It feels like January is slithering by. Like, is this month longer than all of 2017 blended? UGH. I’m about ready for a concoction( I say to myself every day at 3pm ). Most of the signs tackle some serious matter this weekend, like, large-scale, life-changing material. Still, thank god for weekends, amirite?

Aries

The Sun recruiting Aquarius continues to turn your imagination toward more social concepts. Shitty weather be damned. You’re getting out of the motherfucking live this weekend. Power past your feelings shit that might “re coming” sometime Friday night. Condemn your period or red wine if you ugly announce during the post-game this weekend.

Taurus

According to your weekend horoscope, your Friday-Sunday will be all about realise concepts. Yes, cue Kylie Jenner’s 2017 resolution. While you’re hectic this weekend living your life and not dwelling on shit, be prepared to receive random emotional purity about where you accept with ties-in, dreamy and platonic.

Gemini

No one wants to be in the place on Friday, but if you simply can’t escape, don’t annoy. A Moon-Saturn aspect is helping you come clear about where you’re ability in your job. If your period controls by and you’re candidly experiencing your work, this is the right road for you. If each and every Saturday can’t come soon enough, it’s a signaling you should abuse this weekend to smooth your resume and start looking for a brand-new opportunity.

Cancer

If you really want to bail with someone this weekend, you should bring up some penetrating shit to talk about. It clangs funny, but if you feel like you haven’t been connecting with your best friend or boyfriend, it might be time to talk about the real existential issues like who’s the best Kardashian sister or what happens when you die.

Leo

The Sun participating Aquarius is great news for your partnership zone.

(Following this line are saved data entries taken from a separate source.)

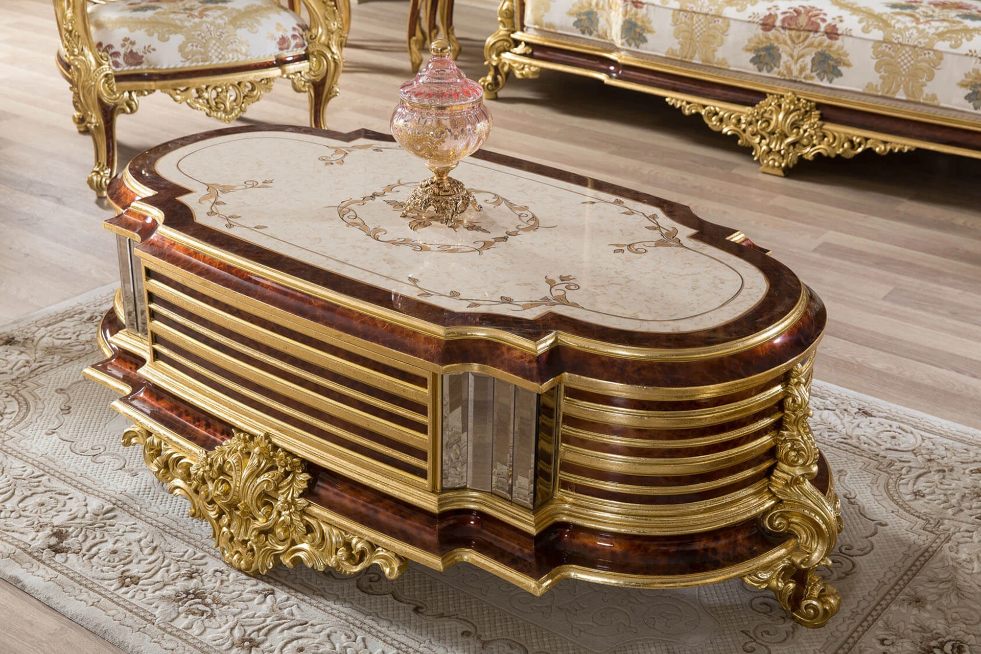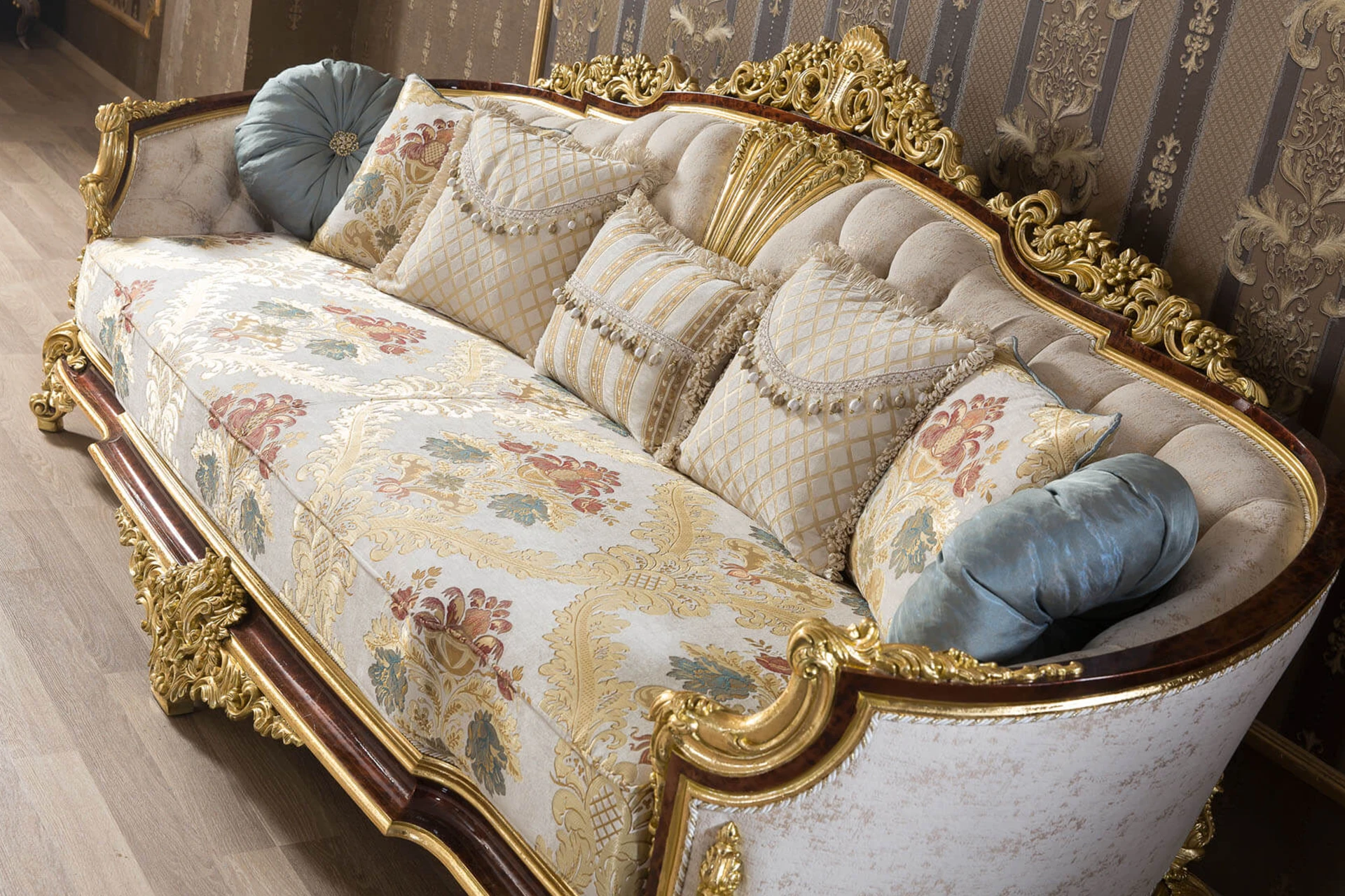 The Kral sofa set is a testament to classic elegance and royal charm. Each piece is adorned with lavish carvings, highlighted in rich gold, adding a sense of grandeur to any space. The luxurious upholstery, featuring intricate floral patterns, pairs beautifully with the meticulously sculpted wooden frames. Plush cushions and the delicately curved armrests promise comfort while enhancing the overall aesthetic. The oval coffee table, with its layered gold accents and detailed legs, completes this regal setting, making it a perfect centerpiece for a sophisticated living room. Kral transforms your home into a palace, capturing the essence of timeless luxury.
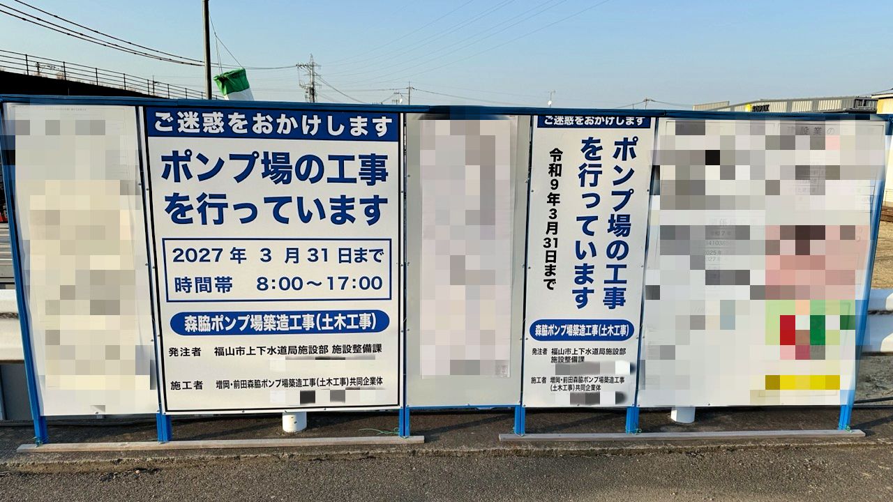 工事現場付近にあった看板によると、工事名は「森脇ポンプ場 築造工事(土木工事)」です。
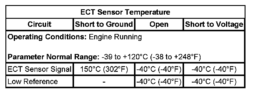 The ECT sensor temperature is less than -39°C (-38°F) for more than 10 seconds. This is equal to more than 4.8 volts on the ECT signal circuit, as measured by the ECM.
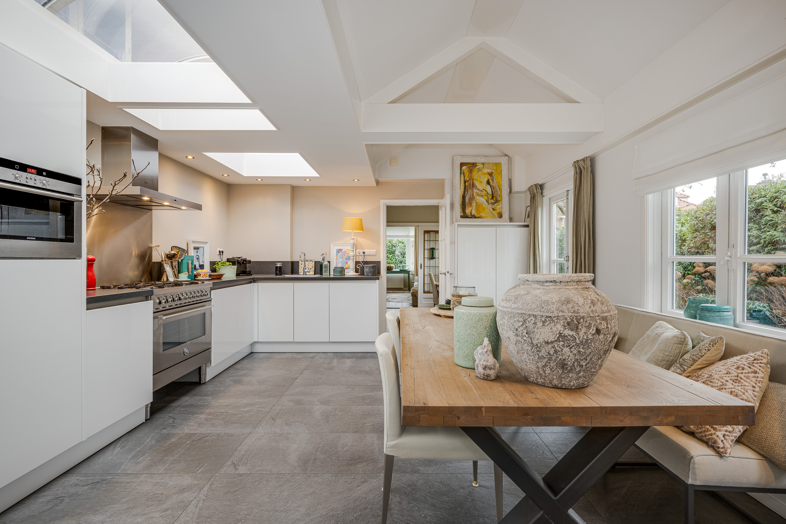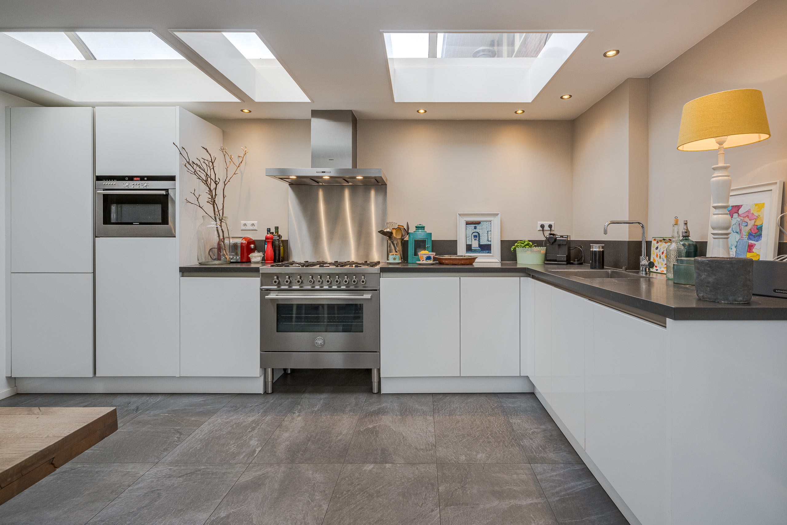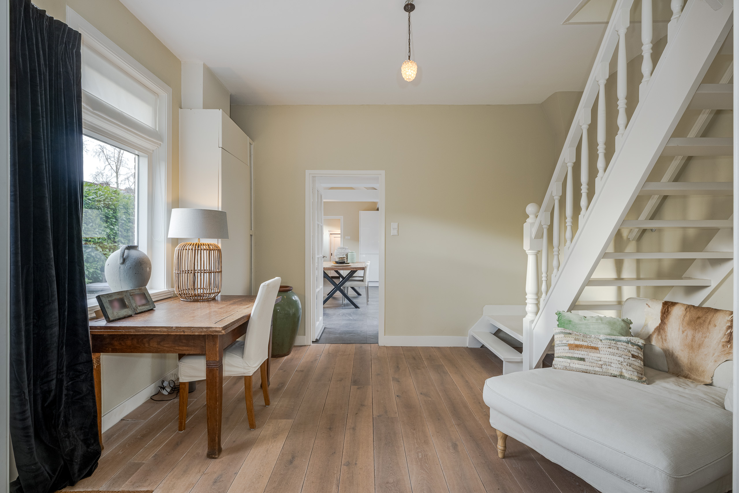 Zo mag je deze jaren ’30 woning wel noemen. Wat een “warme deken” valt er hier over je heen als je deze woning betreed. Zo fijn, zo bijzonder! Wat maakt deze woning zo bijzonder: vooral de keuken, die de woonkamer met de voormalige garage verbindt zorgt voor een uniek(e) gevoel en beleving. De woonkeuken is het centrale middelpunt van de woning. Hier ga je lekker borrelen, koken en eten om vervolgens met je familie en/of vrienden tot een mooie avond te komen. Bewoners hebben de voormalige garage tot woonruimte omgebouwd. Deze kamer is nu te gebruiken als slaap- werk- of speelruimte. Heb jij liever een garage? Dat is op eenvoudige wijze te realiseren. Deze woning ligt met de voor- en zij tuin op het zuidwesten en heeft hierdoor volledige privacy. Zo heb je op ieder moment van de dag de mogelijkheid om in de zon te zitten. De entree van deze woning is bijzonder ruim en aangenaam. Dat, tezamen met de mooie statige trap naar de 1e verdieping geeft de woning cachet. De vele originele details maken deze woning nog extra bijzonder. Een bezichtiging is hier zeker niet een “waste off time”.
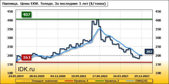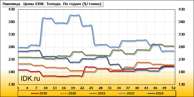 Внутренние цены на пшеницу SRW в городе Толедо (США) выросли на 16.9 $/т. и на отчетный месяц составляют 201.66 доллара за тонну.

And no, that’s not a code name for your vagina. A significant other or best friend will want to get closer to you. Work on parting your time this weekend between all persons who reaches out to hang out with you. You never know when you could use a acquaintance or lover.

Virgo

Ah, there’s some shit you’ve been meaning to say. This weekend might be the time to bite the bullet and only get it off your chest. If you can’t muster the fucking mettle to tell your best friend that she’s dating human garbage, it might be season that you get the fuck over it and never bring it up. It’s like a “speak now or eternally nurse your peace” various kinds of thing.

Libra

It’s time to turn up the enjoy in your life. The Sun opening Aquarius has you feeling a little more romantic, but that doesn’t mean you need to fall in love with some buster. It’s time you descend more in love with yourself. That resounds cliche and fucking stupid, but you’ll thank you for asking afterwards after you’ve are used in yourself.

Scorpio

It’s time to address some problems with a relationship you have. It’s good you just tell your roommate that you’re fucking tired of bathing her bowls on Friday, so you don’t time fester in your hatred all weekend long. The Moon-Saturn aspect could form a potentially hard dialogue into a real heart-to-heart.

Sagittarius

The Sun in Aquarius intends it has moved into a obscured part of your graph, so don’t be surprised if you’re not your usual soul. Acts in your life might seem a little confounding. Don’t worry, it won’t be long before you return to your general badassery. This is the weekend to precisely chill. Aren’t there like, a shitton of movies you been meaning to see? Do that this weekend, k?

Capricorn

Your money cycle is just ramping up as the Sun enrolls Aquarius. That can be great word if you’ve been working on a objective that’s going to help you rake in the currency. This weekend, don’t spend what the hell are you don’t have. It experiences nice to celebrate, but make sure you celebrate within your restrictions so you’re not a total povo until next Friday’s paycheck.

Aquarius

A long-standing publish with your cash flow is soon to be over. Whether you’ve been looking for a new job or you’ve really had to slowly hack away at some invoices, things are really ogling up for you during the next four weeks. Keep up the schmooze sport up this weekend. An influential person you run into while out and about could have a real impact on your future.

Pisces

Leave the past in the fucking past this weekend. The Sun transitioning through Aquarius over the next four weeks has you doing a lot of manifesting. Just don’t told that reminiscing turn into a late-night response to the “U Up” text from your ex. The concept about hindsight is that it can oblige situations look more plea than they actually are. Remember that your ex has a insignificant dick and met you are interested in shit. Identify, desire to text back: gone.